Juvenile Justice Schools Do More Harm Than Good, Study Finds

Juvenile Justice Schools Do More Harm Than Good, Study Finds

Education programs in juvenile justice systems across the United States are not providing incarcerated youth with the skills and education they need to reenter school and society, a report from the Southern Education Foundation finds.

The report, Just Learning: The Imperative to Transform Juvenile Justice Systems Into Effective Educational Systems (48 pages, PDF), found that, instead of being helped to turn their lives around, the seventy thousand youth enrolled in juvenile justice education programs on any given day — nearly two-thirds of them males of color — are falling further behind. In 2009, for example, incarcerated youth who were enrolled for at least ninety days in a juvenile justice education program failed to make any significant improvement in learning and academic achievement. Incarcerated youth in smaller facilities near their communities actually made less progress than youth enrolled in state systems, especially in southern states, where the proportion of youth enrolled in local facilities increased from 21 percent in 2007 to almost 60 percent in 2011. Part of the problem, the study found, is that such programs provide limited support for youth with serious learning and emotional problems.

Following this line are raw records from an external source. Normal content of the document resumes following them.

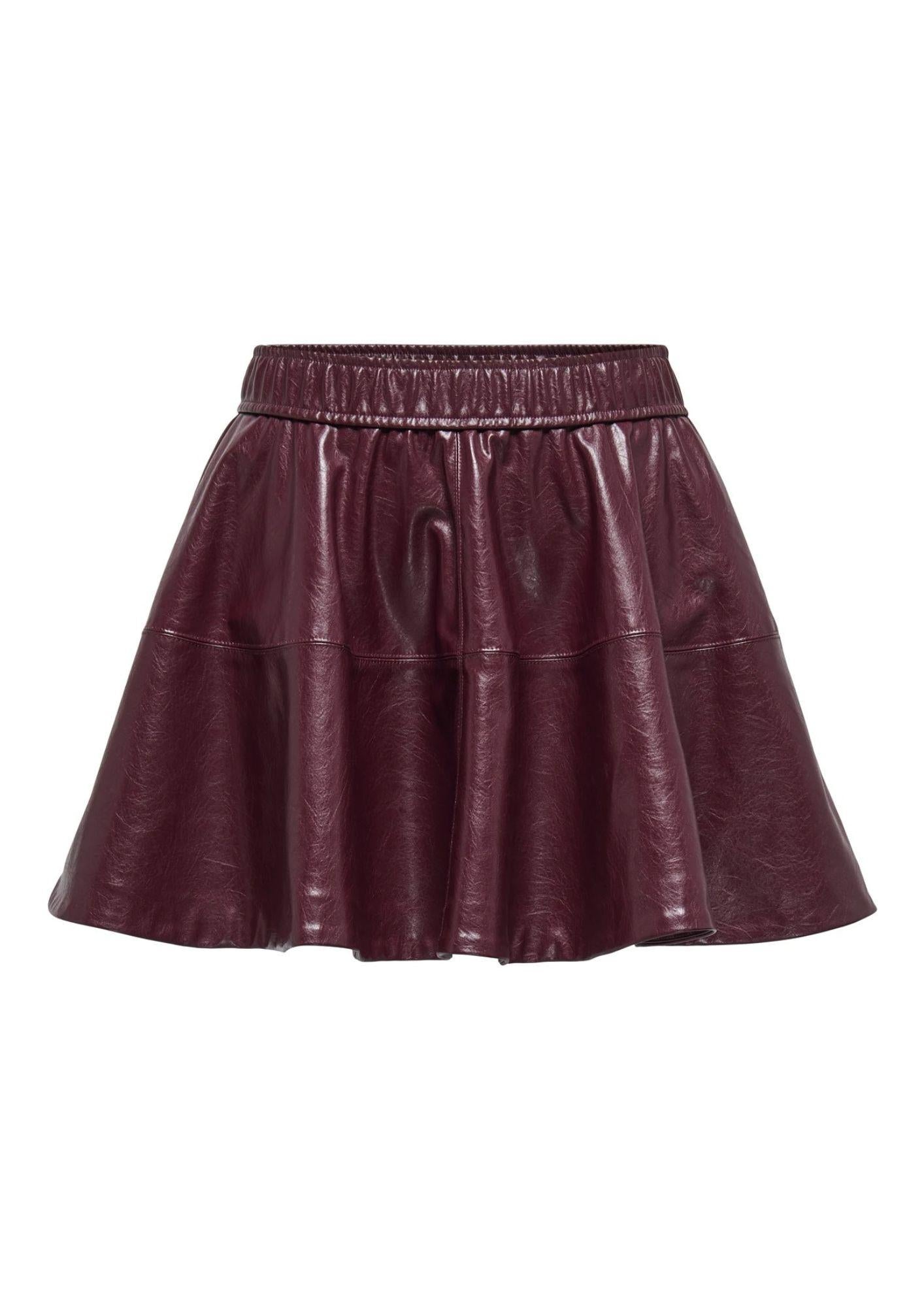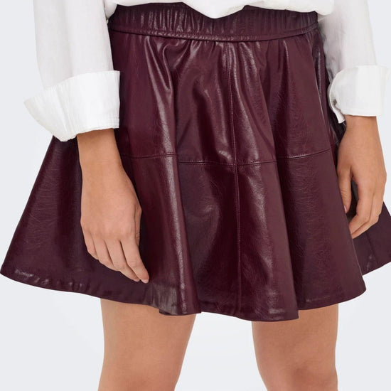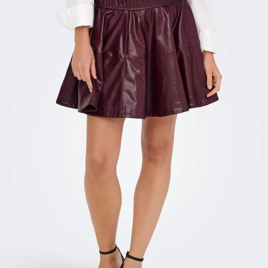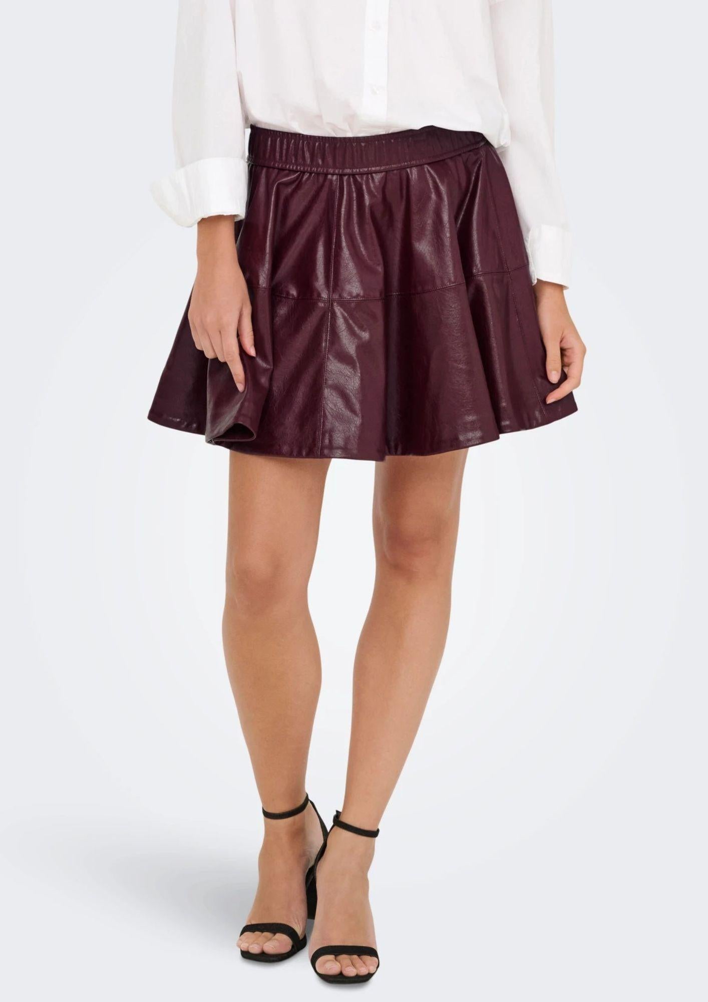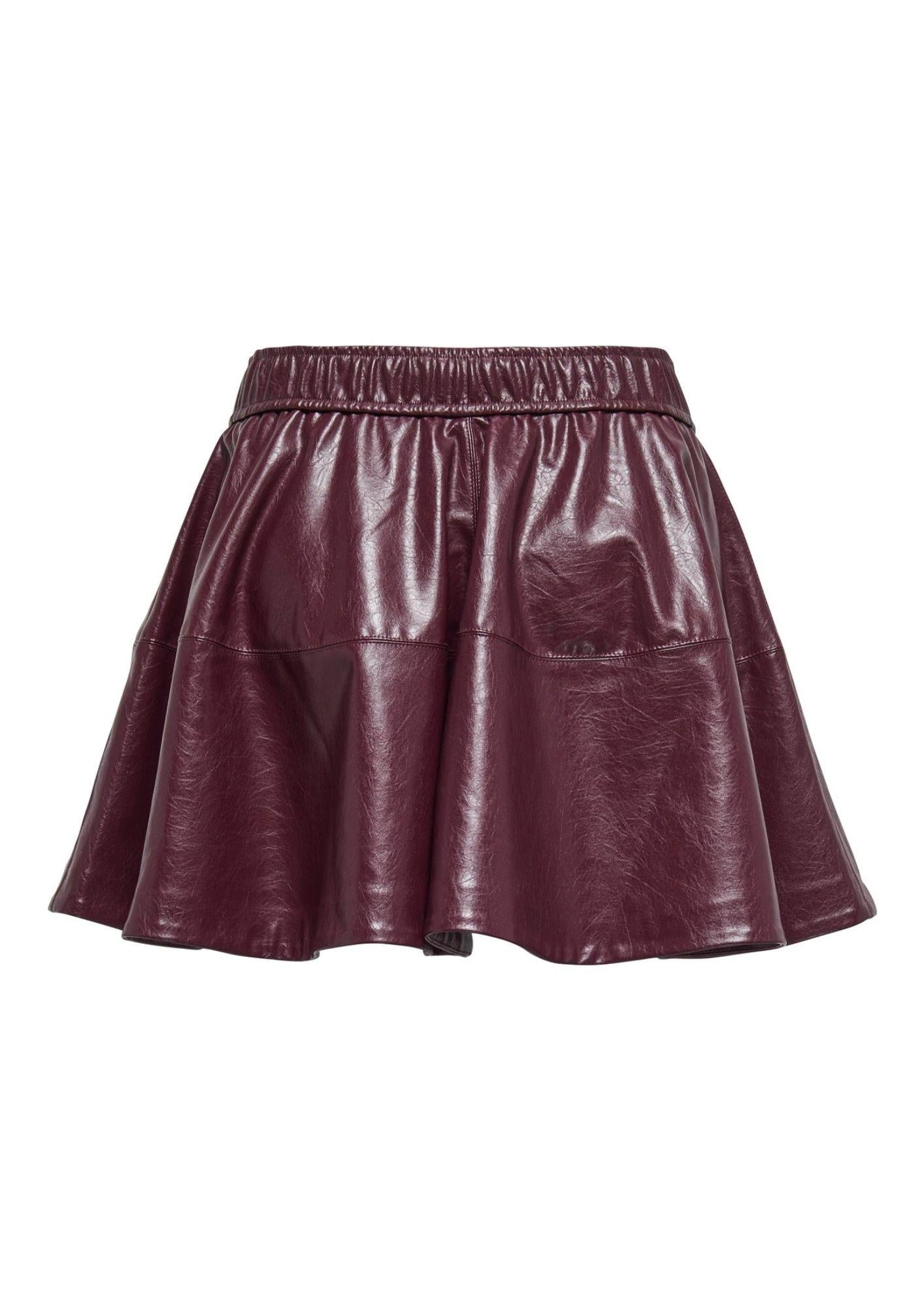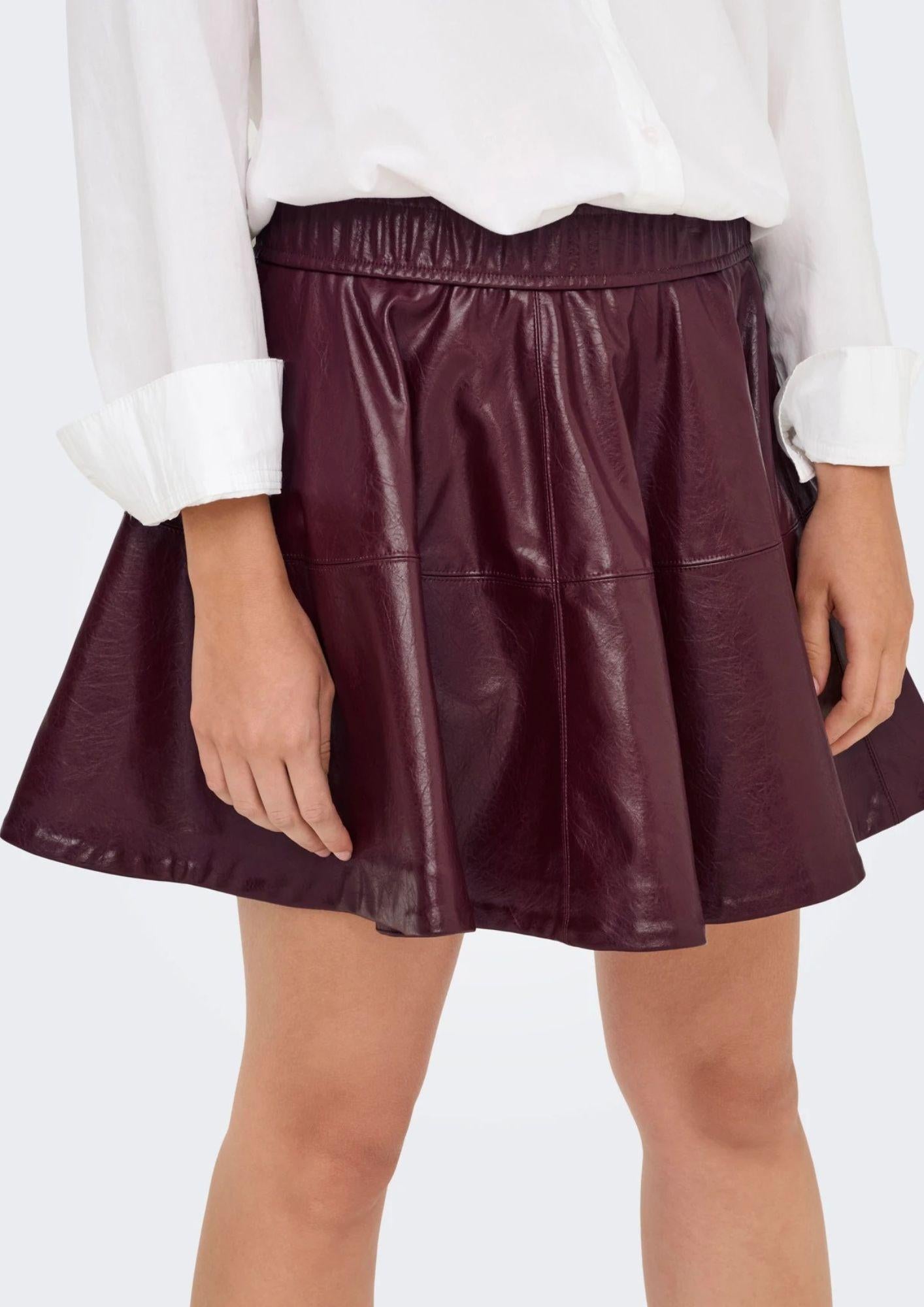 Il poliuretano è un materiale sintetico con una lucentezza sottile e una superficie liscia. Gonna corta a vita alta, 100% Poliestere - Rivestito di poliuretano
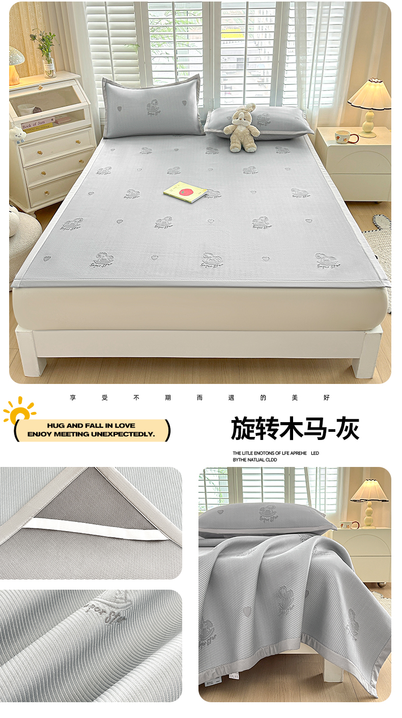 商品名称:畅畅家纺 2025新款A类PE提花软席凉感冰豆豆凉席三件套 旋转木马-粉
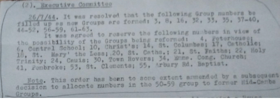 Many Cambridge District troops were clearly closely affiliated with the local church but took village names. An example being when The Reverend Hennessey, Dean of Selwyn and very involved in Cambridge Scouting, became Rector at Fulbourn in 1918. A new Scout Troop was started named the Fulbourn Troop not St Vigors.
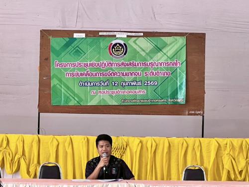 นางสาวโสภาวดี ผ่องแผ้ว พัฒนาการอำเภอคอนสาร พร้อมด้วย เจ้าหน้าที่พัฒนาชุมชนอำเภอคอนสาร จัดการประชุมส่งเสริมการบูรณาการกลไกการขับเคลื่อนการขจัดความยากจน ระดับอำเภอ อำเภอคอนสาร จังหวัดชัยภูมิ เพื่อให้ศูนย์อำนวยการปฏิบัติการขจัดความยากจนและพัฒนาคนทุกช่วงวัยอย่างยั่งยืนตามหลักปรัชญาของเศรษฐกิจพอเพียงอำเภอ (ศจพ.อ.) มีแนวทางการขับเคลื่อนการดำเนินงานแบบบูรณาการ ครอบคลุมทุกมิติและเป็นรูปธรรม โดยผู้เข้าร่วมประชุมประกอบด้วยคณะกรรมการบริหารศูนย์อำนวยการขจัดความยากจนและพัฒนาคนทุกช่วงวัยอย่างยั่งยืนตามหลักปรัชญาของเศรษฐกิจพอเพียงอำเภอ (ศจพ.อ.) และภาคีเครือข่ายที่เกี่ยวข้อง
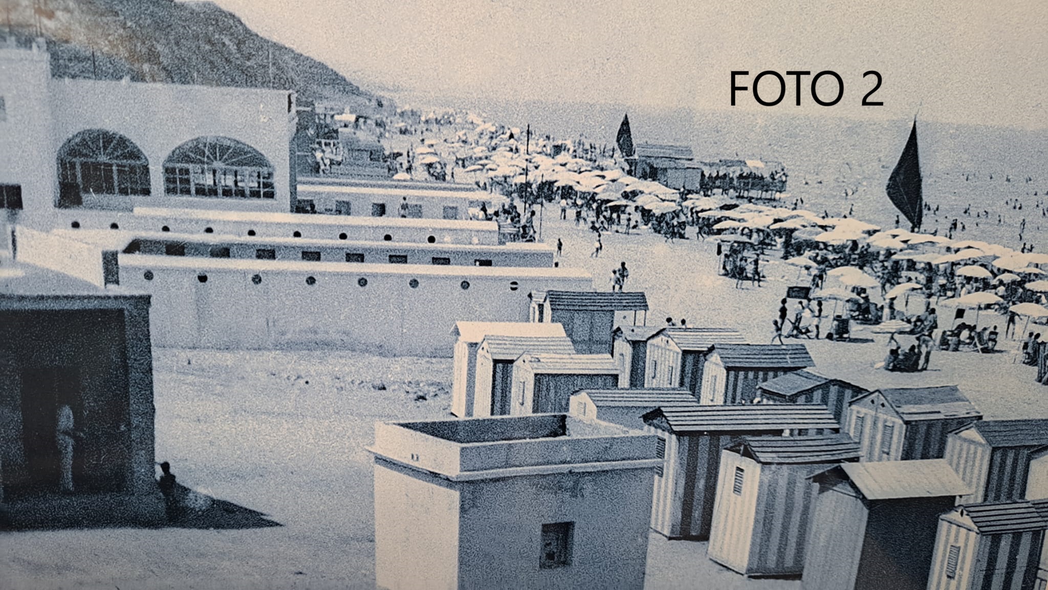 La seconda foto ritrae uno scorcio della spiaggia dalla parte del Lido Panfilo, con i vecchi casotti che fungevano da spogliatoi per chi doveva cambiarsi prima e dopo il bagno. Al Panfilo, in quell’epoca, si ballava e ci si divertiva molto, in un’atmosfera spensierata e autentica.
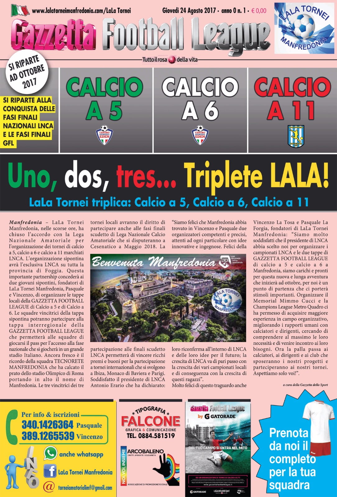 Molto felici di questo traguardo anche Vincenzo La Tosa e Pasquale La Forgia, fondatori di LaLa Tornei Manfredonia: “Siamo molto soddisfatti che il presidente di LNCA abbia scelto noi per organizzare i campionati LNCA e le due tappe di GAZZETTA FOOTBALL LEAGUE di calcio a 5 e calcio a 6 a Manfredonia, siamo carichi e pronti per questa nuova e lunga avventura che inizierà ad ottobre, per noi è un punto di partenza che ci porterà stimoli importanti. Organizzare il Memorial Mimmo Cucci e la Champions League Metro Quadro ci ha permesso di acquisire maggiore esperienza in campo organizzativo, migliorando i rapporti umani con calciatori e dirigenti, cercando di comprendere al massimo le loro necessità e di venire incontro ai loro bisogni. Ora la palla passa ai calciatori, ai dirigenti e ai club che sposeranno i nostri progetti e parteciperanno ai nostri tornei. Aspettiamo solo voi!”.

The study also highlights successful programs that use approaches that have proven to be effective for many high-risk students, as well as research on an innovative program in Chicago which demonstrates that cognitive behavior therapy resulted in a 44 percent reduction in violent crime arrests as well as improvement in school attendance, GPA, and persistence among participants.

"The juvenile justice education programs that serve hundreds of thousands of students are characterized by low expectations, inadequate supports to address student needs, and ineffective instruction and technology," said Southern Education Foundation vice president Steve Suitts, who authored the study. "Students come out of the juvenile justice system in worse shape than when they entered, struggling to return to school or get their lives back on track."